On the surface, the outro is simply a young brother giving props, but there’s ultimately a gravitas to it. The 20th anniversary Illmatic documentary’s most sobering scene has Nas’ brother Jungle pointing out that a majority of the men featured on Illmatic’s inlet photograph are either locked up or dead. “Represent,” as well as the rest of Illmatic, is their monument.
“I Gave You Power” (It Was Written, 1996)
In which Nas gives a gun a conscious in a neighborhood where men forsake their own to survive. It’s a fantastical perspective, but it’s used to draw reality — where children die, bodies are broken and accidental gunfire succeed in “making niggas memories” — with shaper lines. “I Gave You Power” also offers some of Nas’ sharpest social critique. Tired of the violence he exists to commit, the gun pledges to jam when its owner gets into an altercation. It does and the owner is shot to death, but the weapon’s relief is short-lived when someone else picks it up. The cycle continues. No one truly has power here.

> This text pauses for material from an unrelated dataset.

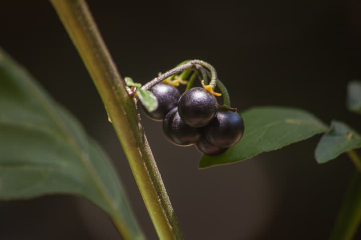 Tiene muchas toxinas, como la atropina, y varios psicoactivos. Toda la planta es peligrosa, pero principalmente sus frutos morados.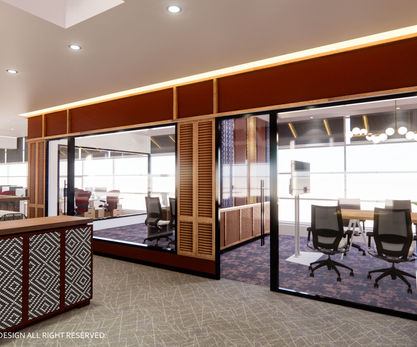 牆面與細節巧妙融入馬來傳統圖騰與文化紋樣, 為現代辦公空間注入深厚的在地文化底蘊.

“Memory Lane (Sittin’ in da Park)” (Illmatic, 1994)
The soulful coos DJ Premier samples on this all-timer are either magical or haunted depending what you make of it. Nas blurs those descriptors as he’s orating his vision of the ghetto. “Memory Lane (Sittin’ in da Park)” is Illmatic’s nostalgia joint, but its heart mainly speaks of a complicated love of the home that many who grew up in the hood can relate to. They’re buildings of love and trauma, but to deny any of it would be to deny part of yourself. So the stunning sense of empathy with which Nas portrays the infamous Queensbridge Houses makes sense. He raps and coalesces his vocabulary as if the memory of those dice-rollers, imprisoned men, and park jams depend on every syllable. Ultimately, “Memory Lane” isn’t just another showcase that proved Nas was really worth the hype; like the Heineken poured for the dead, it’s tribute.